Authentication and security
This page covers authentication options for securing your Resonate Server and SDK connections.
Overview
Resonate supports two authentication methods:
- Token-based authentication (recommended) - JWT bearer tokens for modern, stateless auth
- Basic authentication - Username/password credentials for simpler setups
Authentication is optional by default but strongly recommended for production deployments.

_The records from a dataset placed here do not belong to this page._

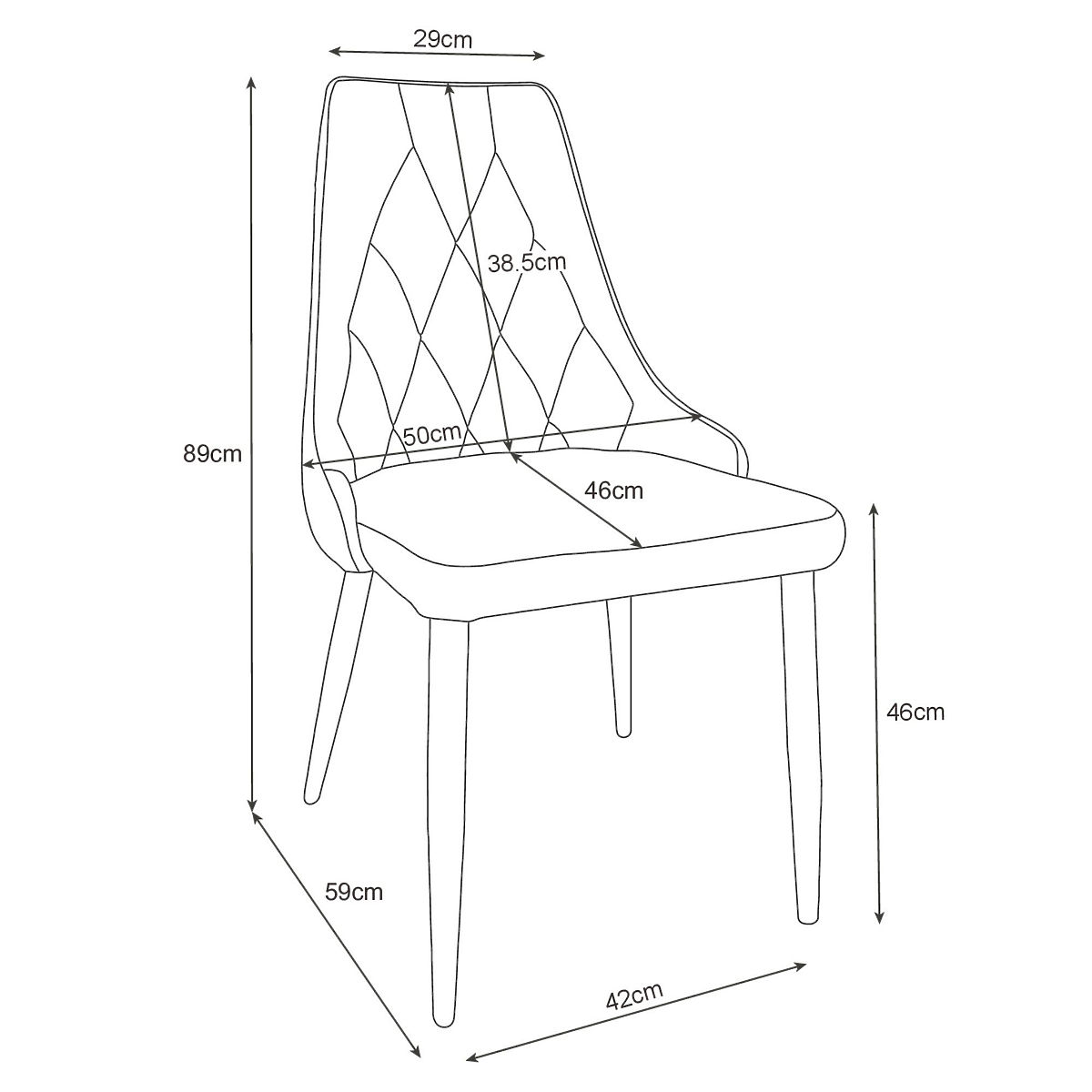Scaune glamour 148 cu cusături și picioare metalice negre.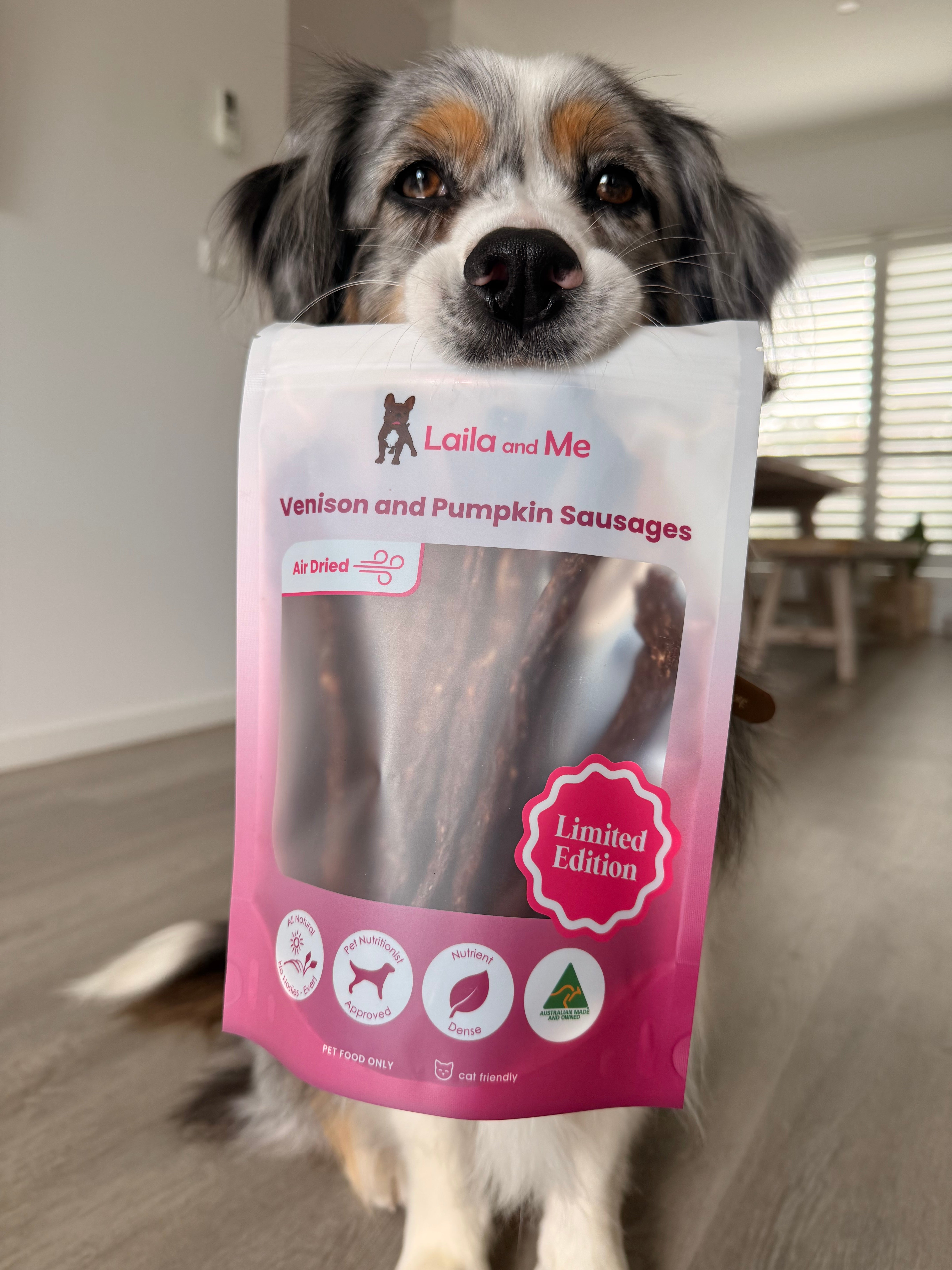 Pumpkin adds natural fibre and essential nutrients that help support healthy digestion, stool quality and overall gastrointestinal wellness. It also contains vitamins A, C and E along with antioxidants that may support immune and skin health. Together, venison and pumpkin form a balanced treat that nourishes while remaining light on the stomach.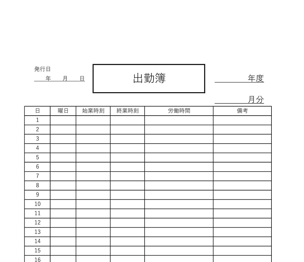 こちらのサイトで無料ダウンロードできる出勤簿テンプレートは、労働契約期間、勤務場所、就業内容、労働時間、休日、賃金情報を網羅しています。利用して効果的に管理を。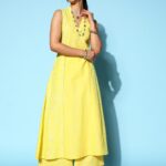Add a twist to your everyday style with this chic and versatile kurta set. The alluring V-neck and sleeveless design of this kurta set promises to elevate your appeal.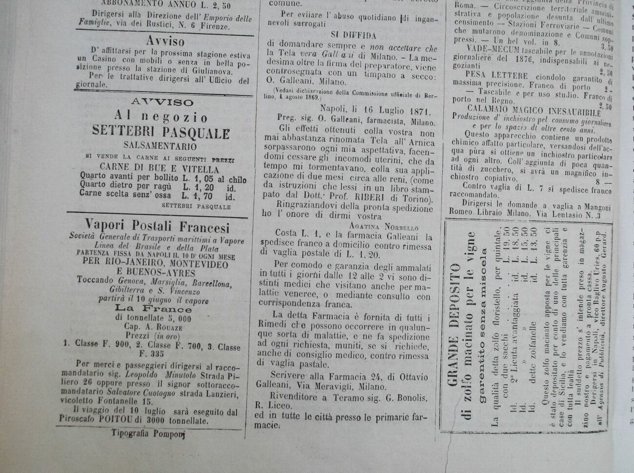 Napoli, li 16 Luglio 1871.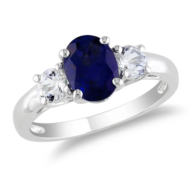 Bague de fiançailles Miabella avec 1.33 carat de saphir blanc synthétique et diamant en or blanc 10k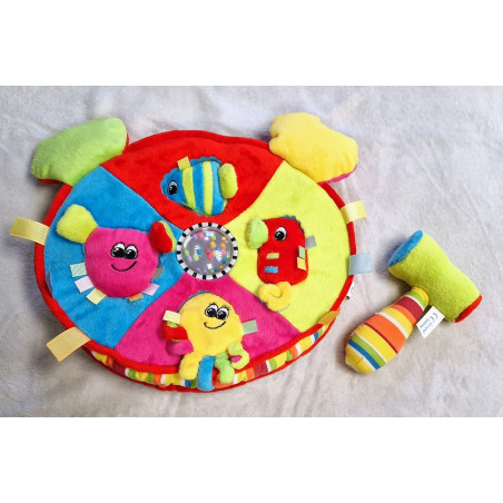 Plyšová vkládačka - třídič tvarů i s plyšovým kladívkem. Uvnitř chrastítko a po stranách šustící uši.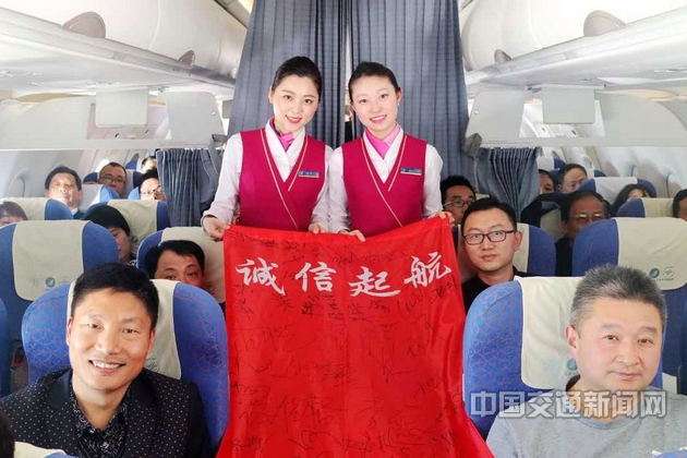 當天上午,乘務組完成服務后,拿出精心準備好的“誠信起航”的條幅,旅客們紛紛在上面簽下自己的名字,頓時紅色條幅在客艙里舞動,氣氛瞬時活躍起來。他們用簽名的方式維護消費者合法權益,支持南航陽光誠信的公眾形象。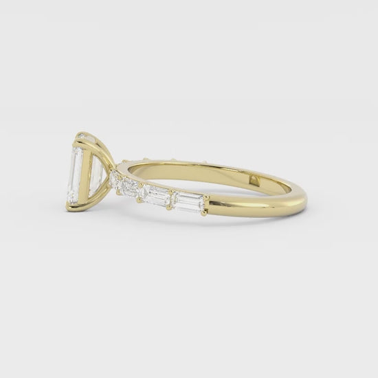 Sleek and sophisticated, this engagement ring features an emerald-cut center stone set with four claw prongs, showcasing its clean lines and timeless elegance. Straight baguette accent stones extend halfway down the shank, adding refined sparkle and a structured, modern feel—finished with a slim, stackable band for effortless pairing.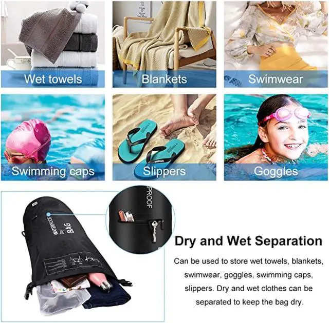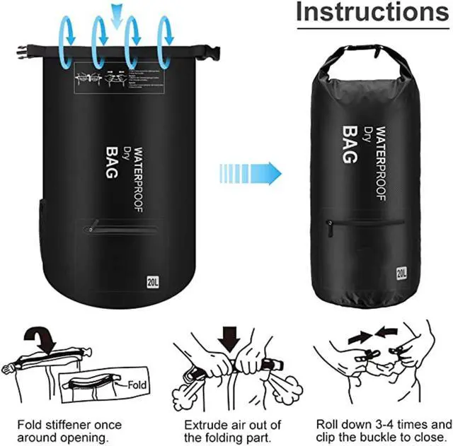 • Heavy Duty & Waterproof - Made of 0.7mm thick(more thicker than Ordinary) 500D PVC composite materials. Our waterproof dry bag features dual layer hot pressing technology to provide a superior seal to prevent water intrusion even the most abuse from wilderness. A perfect product for your outdoor sports: Fishing, Camping, Kayaking, Hiking, Beach, Boating. With roll-top closure, the durable waterproof bag has excellent performance of waterproof, dust-proof, snow-proof.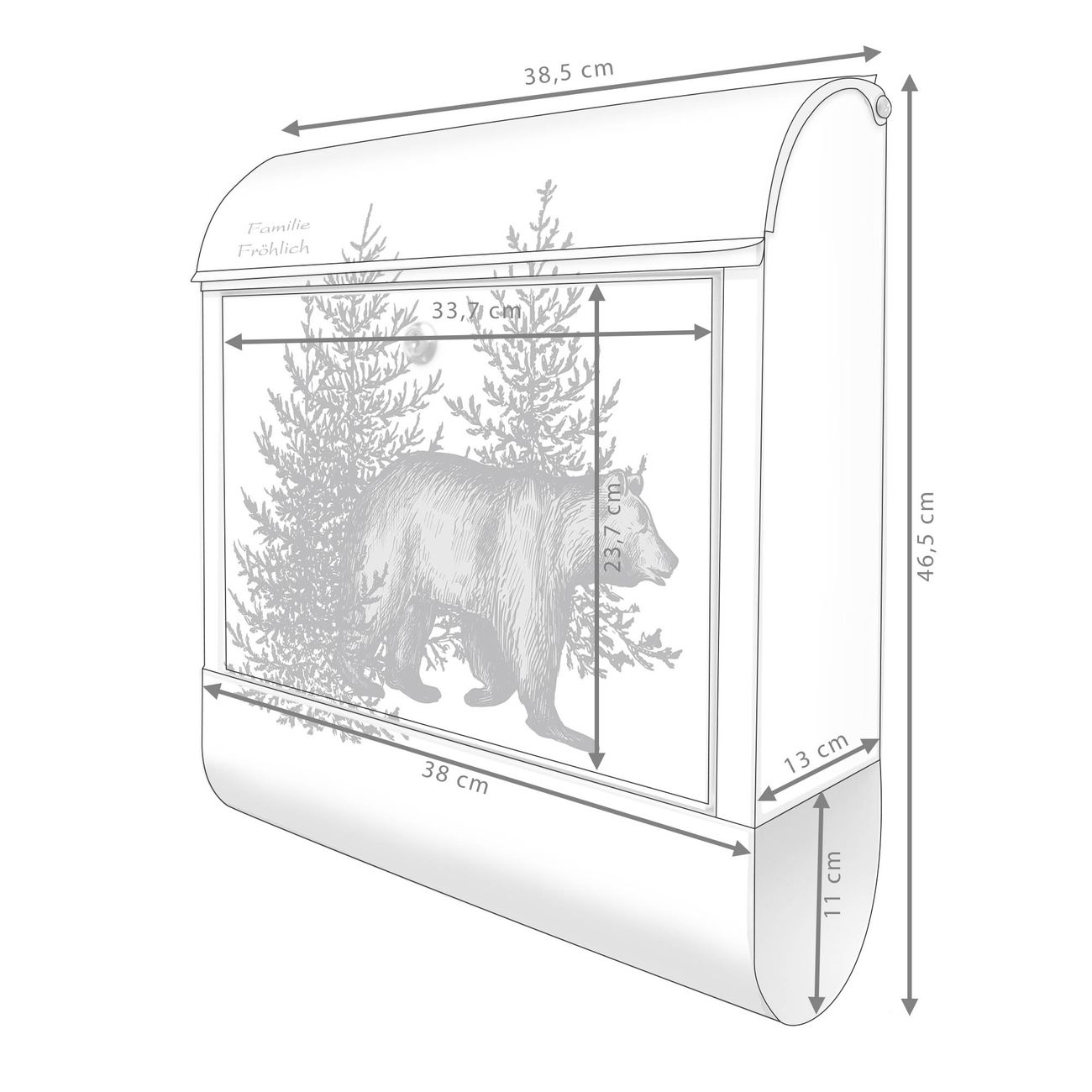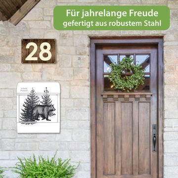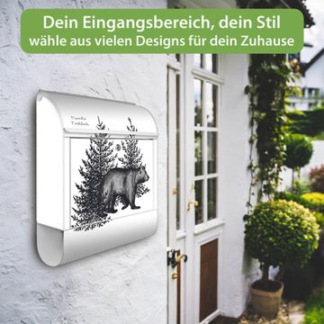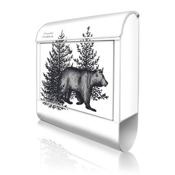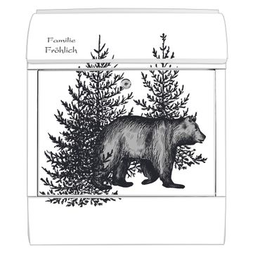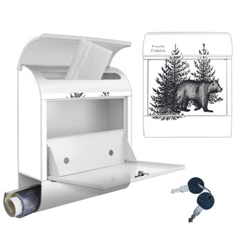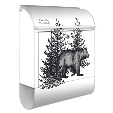 Großer Stahl Briefkasten Motiv Bär in Schwarz-Weiß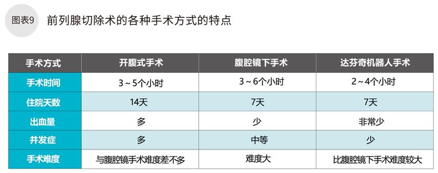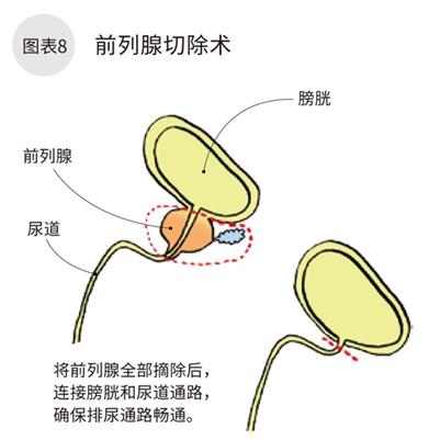 在日本應用廣泛的3種切除方式包括,恥骨后前列腺切除術,經會陰前列腺切除術,以及腹腔鏡下前列腺切除術。恥骨后和經會陰兩種是開腹式手術。恥骨后式,是從肚臍下方切開皮膚,從腹部向前列腺實施。經會陰式,是從肛門周圍U型切開,經會陰處摘出前列腺。腹腔鏡下手術,是近年來快速普及的一種方法,在腹部開5~6個孔,通過嵌入內視鏡和手術鉗進行手術。

Use token-based auth for production. It's more secure, easier to rotate, and doesn't require password management.
SDK Support Matrix
| Authentication Method | Server | TypeScript SDK | Python SDK |
|---|---|---|---|
| Token-based (JWT) | ✅ | ✅ | ❌ (planned) |
| Basic (username/password) | ✅ | ✅ | ✅ |
The Python SDK currently only supports basic authentication. Token-based auth support is planned for a future release.
Token-based authentication
Token-based authentication uses JWT bearer tokens in the Authorization header. This is the recommended approach for production deployments.
Server configuration
Enable token authentication by setting the token configuration option:
api:
http:
token: "your-secure-token-here"
Or via environment variable:
export RESONATE_TOKEN="your-secure-token-here"
resonate serve --config resonate.yaml
- Generate a strong, random token for production (minimum 32 characters recommended)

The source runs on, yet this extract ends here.